Gattoni expects the trends in the first eight weeks of the quarter to continue through September.

“I expect demand for Landstar service to continue to be strong through September,” he said.

Stein Mart sales drop

Stein Mart Inc. said Thursday that total sales for the four weeks ended Aug. 29 fell 0.4 percent to $86.1 million and comparable-store sales (sales at stores open for more than one year) dropped 1.4 percent in the month.

The Jacksonville-based fashion retailer blamed the drop on the later Labor Day holiday this year, which moved its Labor Day sales event from August to September.

Stein Mart had 269 stores in operation at the end of August, compared with 265 a year earlier.

Shoe Carnival beats forecasts

Shoe Carnival Inc. last week reported higher-than-expected quarterly earnings, which somehow prompted a mixed response on Wall Street.

The footwear chain controlled by former Jacksonville Jaguars owner Wayne Weaver reported earnings of 24 cents a share for the second quarter ended Aug. 1, up from 13 cents the previous year and 6 cents higher than the average forecast of analysts, according to Thomson Financial.

Total sales rose 2.6 percent to $227.8 million and comparable-store sales rose just 0.5 percent, but the company said that was expected with the shift of tax-free holidays from July to August in some of its markets.

That will put more back-to-school sales in the third quarter, and CEO Cliff Sifford said in a news release that comparable-store sales in August were up by a “high single digits” percentage.

Shoe Carnival operates 400 stores in 34 states and Puerto Rico.

Despite the generally positive report, Shoe Carnival’s stock dropped as much as $2.65 to $22.96 in early trading Wednesday after the earnings report.

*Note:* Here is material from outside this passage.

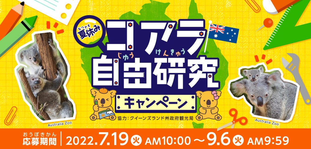 株式会社ロッテ(本社:東京都新宿区)は、「夏休み『コアラ自由研究』キャンペーン」を2022年7月19日(火)AM10時より開催します。ロッテのお菓子とアイスをテーマにしたWebテーマパーク「LOTTE land」の「夏休み『コアラ自由研究』キャンペーン」は、オーストラリア クイーンズランド州政府観光局の協力のもとコアラ保護の啓発活動の1つとして実施します。コアラについて自由研究をし、その内容を写真に撮って応募してください。キャンペーンに参加してくれた方の中から、選考により15作を優秀賞に選定し東京都港区三田にある駐日オーストラリア大使館にご招待。賞状の授与や交流会を行います。ふるってご応募ください。

However, it rebounded to close Wednesday at $26.47, up 86 cents on the day.

Shoe Carnival reiterated its full-year earnings forecast of $1.42 to $1.48 a share, which may have disappointed some investors who were hoping the company would increase the forecast. The average analyst’s forecast was at the high end of that range, at $1.48, according to Thomson.

Sterne Agee analyst Sam Poser saw the earnings report as positive, as he reiterated his “buy” rating on the stock.

“In a tough retail environment, Shoe Carnival is executing well both on the top and bottom line,” Poser said in a research note.

Weaver is chairman of Shoe Carnival and, along with wife Delores, the largest stockholder with 24.6 percent of the outstanding shares.

BNY Mellon catches up after glitch

The problem lingered into last week, but it seems that Bank of New York Mellon Corp. finally got its fund values up to date after a glitch in a SunGard computer system.

BNY Mellon, the world’s largest fund custodian, reported two weeks ago that a problem with the system provided by SunGard had left it unable to process the net asset values of certain mutual funds and exchange traded funds.

Once the system was operational again, BNY Mellon fell behind in processing the daily values for those funds but on Wednesday morning, the bank said it had completed calculating the values for Tuesday and would not need to post any more updates on the computer system.

SunGard agreed to a $9.1 billion buyout last month by Jacksonville-based Fidelity National Information Services Inc. The merger of the two financial technology firms is scheduled for completion in the fourth quarter this year.